(Records from a data collection)
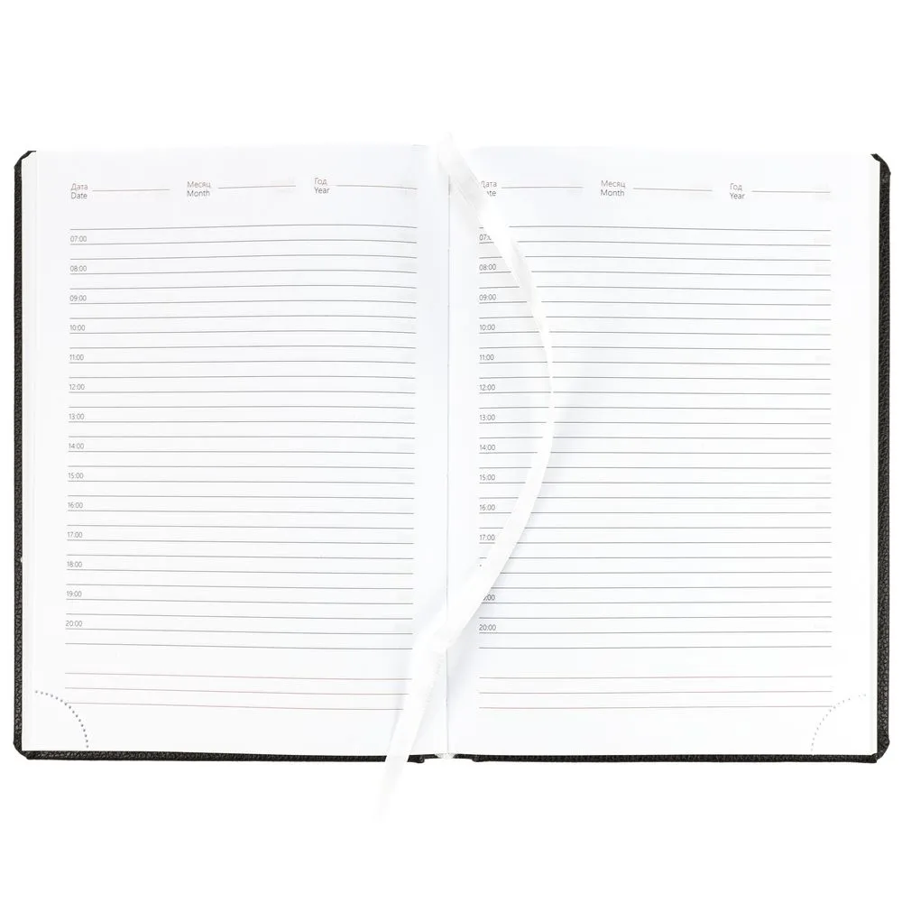 Ежедневник в твердой обложке c поролоном, выполнен из материала La Fite, черный АА, дополнен ляссе белого цвета.
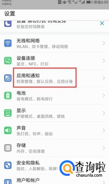 进入设置之后,我们点击里面的应用和通知;
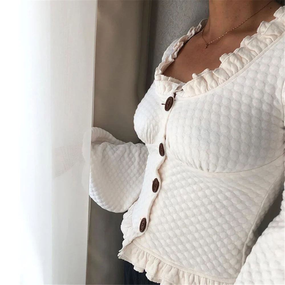 Shirts Blouses Women Shirts Summer Spring Long-sleeve Ruffled Slim Blouse Tops Elegant Ruffles Shirt
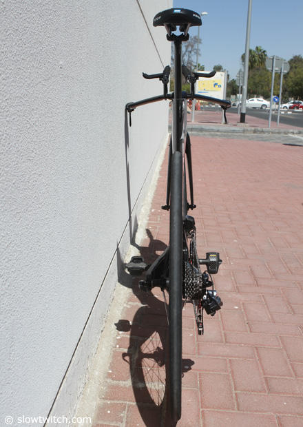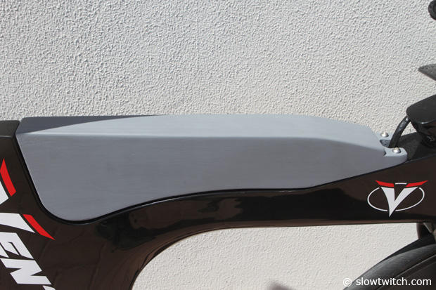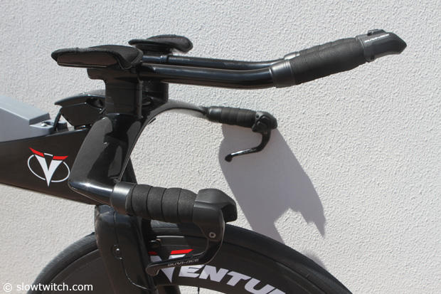 The seat cluster of the Ventum with a tape marking of the preferred seat height of the 4 time Triathlon World Champion.
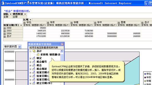 可以利用SynleadCRM企業(yè)版提供的在線聯(lián)機分析工具實現(xiàn),也可以導出到EXCEL中,利用EXCEL的有關功能實現(xiàn)。OLAP在線聯(lián)機分析,屬于商業(yè)智能BI的組成部分之一,它允許您對數(shù)據(jù)進行任意的上鉆、下鉆,旋轉(zhuǎn)、切片、切塊,得到更豐富的、更有價值的圖表和報表。
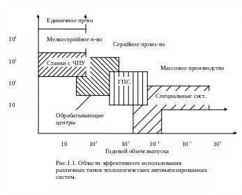 На рисунке 1.1 показано место различных типов технологических процессов с максимальной экономической эффективностью в зависимости от объема выпуска и номенклатуры выпускаемых изделий.
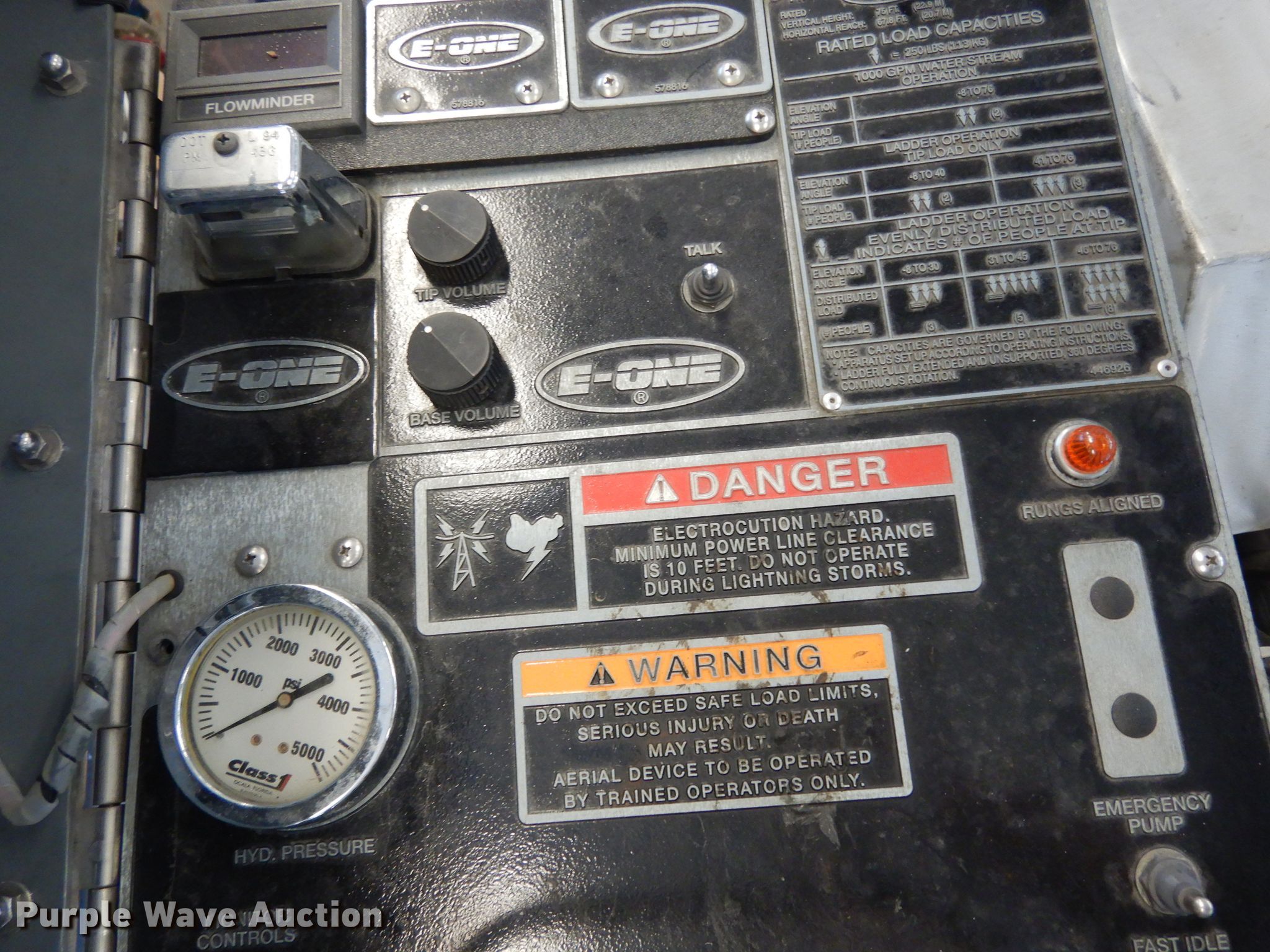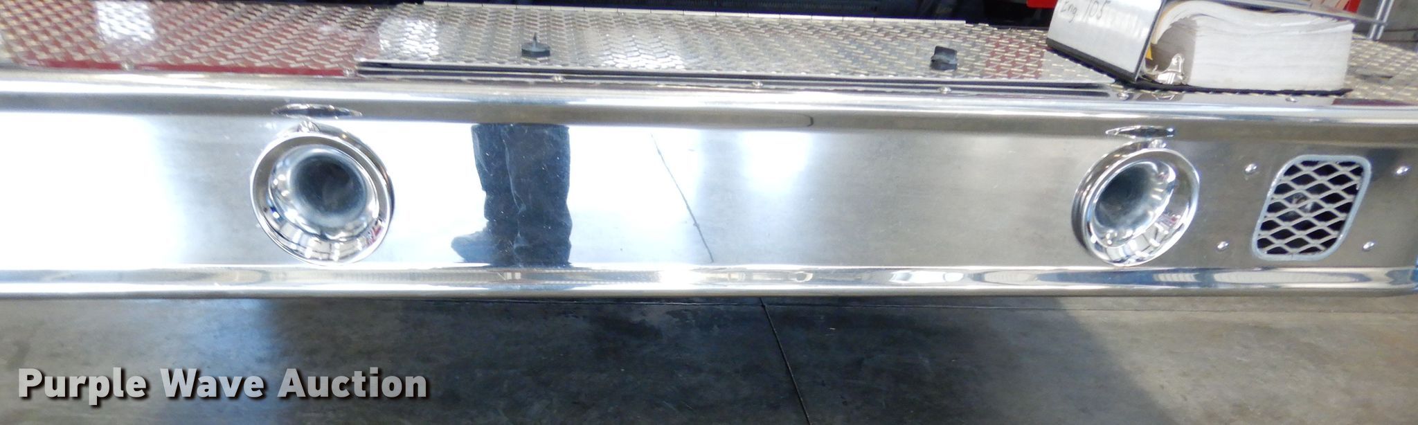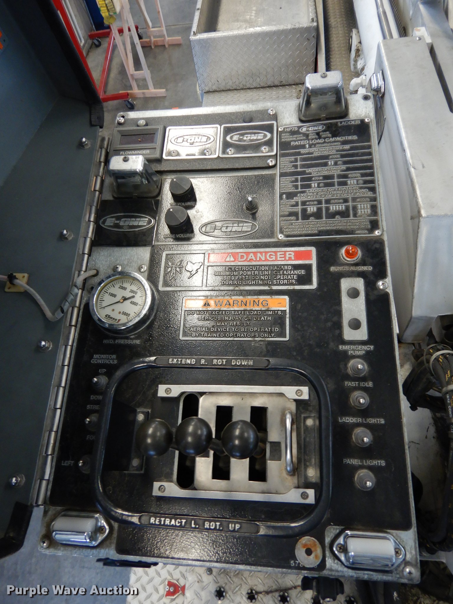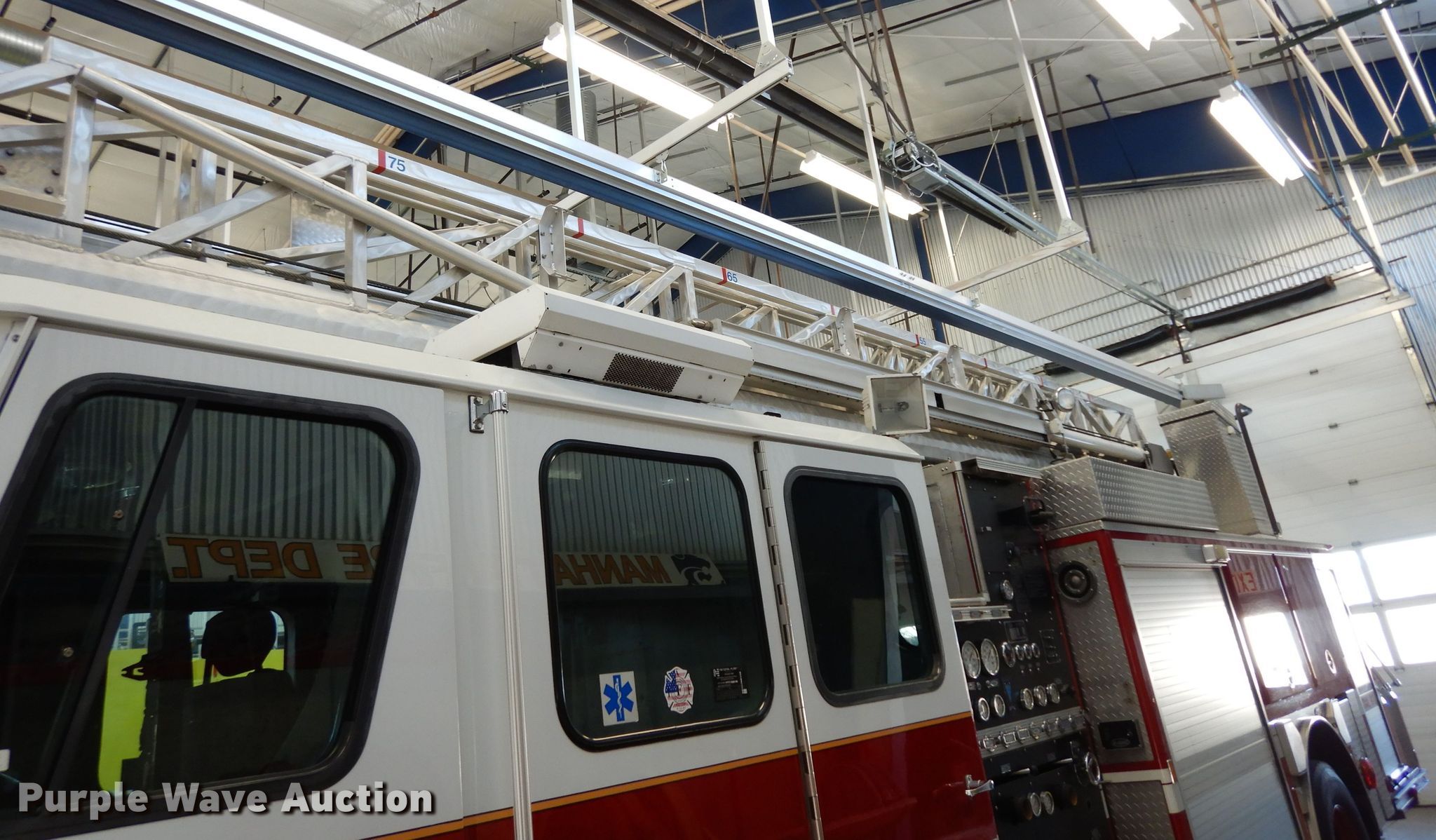 Purple Wave is selling a used Fire Truck or Emergency Vehicle in Kansas. This item is a 2001 E-one quint ladder fire truck with the following: 103,534 miles on odometer, 10,349 hours on meter, Cummins ISMC 10.8L L6 diesel engine, 450 HP, Allison automatic transmission, Single axle, AC and heat, E-One HP75 Cyclone II Sidestacker 75 aerial platform, 75' max lift height, Akromatic ladder gun, 1,000 gpm, Hale 1,500 gpm pump, 500 gallon water tank, (4) ladders, 10' attic ladder, 24' extension ladder, 35' extension ladder, 20' roof ladder, Rear stabilizers, Double frame, Spring suspension, Air brakes, 210" wheelbase, Goodyear 385/65R22.5 front tires, Goodyear 315/80R22.5 rear tires, GVWR 49,700 lbs, Owner/operator manual and CD, Dead battery, Passenger seat missing, Non-operational ladder, Swivel assembly removed, One frame cracked at driver side rear axle, Decals will be removed prior to auction

Exercise prompt
Write out each entry above once more, exactly as written, and drop the pictures.

Solution
 Ежедневник в твердой обложке c поролоном, выполнен из материала La Fite, черный АА, дополнен ляссе белого цвета.
 进入设置之后,我们点击里面的应用和通知;
 Shirts Blouses Women Shirts Summer Spring Long-sleeve Ruffled Slim Blouse Tops Elegant Ruffles Shirt
 The seat cluster of the Ventum with a tape marking of the preferred seat height of the 4 time Triathlon World Champion.
 可以利用SynleadCRM企業(yè)版提供的在線聯(lián)機分析工具實現(xiàn),也可以導出到EXCEL中,利用EXCEL的有關功能實現(xiàn)。OLAP在線聯(lián)機分析,屬于商業(yè)智能BI的組成部分之一,它允許您對數(shù)據(jù)進行任意的上鉆、下鉆,旋轉(zhuǎn)、切片、切塊,得到更豐富的、更有價值的圖表和報表。
 На рисунке 1.1 показано место различных типов технологических процессов с максимальной экономической эффективностью в зависимости от объема выпуска и номенклатуры выпускаемых изделий.
 Purple Wave is selling a used Fire Truck or Emergency Vehicle in Kansas. This item is a 2001 E-one quint ladder fire truck with the following: 103,534 miles on odometer, 10,349 hours on meter, Cummins ISMC 10.8L L6 diesel engine, 450 HP, Allison automatic transmission, Single axle, AC and heat, E-One HP75 Cyclone II Sidestacker 75 aerial platform, 75' max lift height, Akromatic ladder gun, 1,000 gpm, Hale 1,500 gpm pump, 500 gallon water tank, (4) ladders, 10' attic ladder, 24' extension ladder, 35' extension ladder, 20' roof ladder, Rear stabilizers, Double frame, Spring suspension, Air brakes, 210" wheelbase, Goodyear 385/65R22.5 front tires, Goodyear 315/80R22.5 rear tires, GVWR 49,700 lbs, Owner/operator manual and CD, Dead battery, Passenger seat missing, Non-operational ladder, Swivel assembly removed, One frame cracked at driver side rear axle, Decals will be removed prior to auction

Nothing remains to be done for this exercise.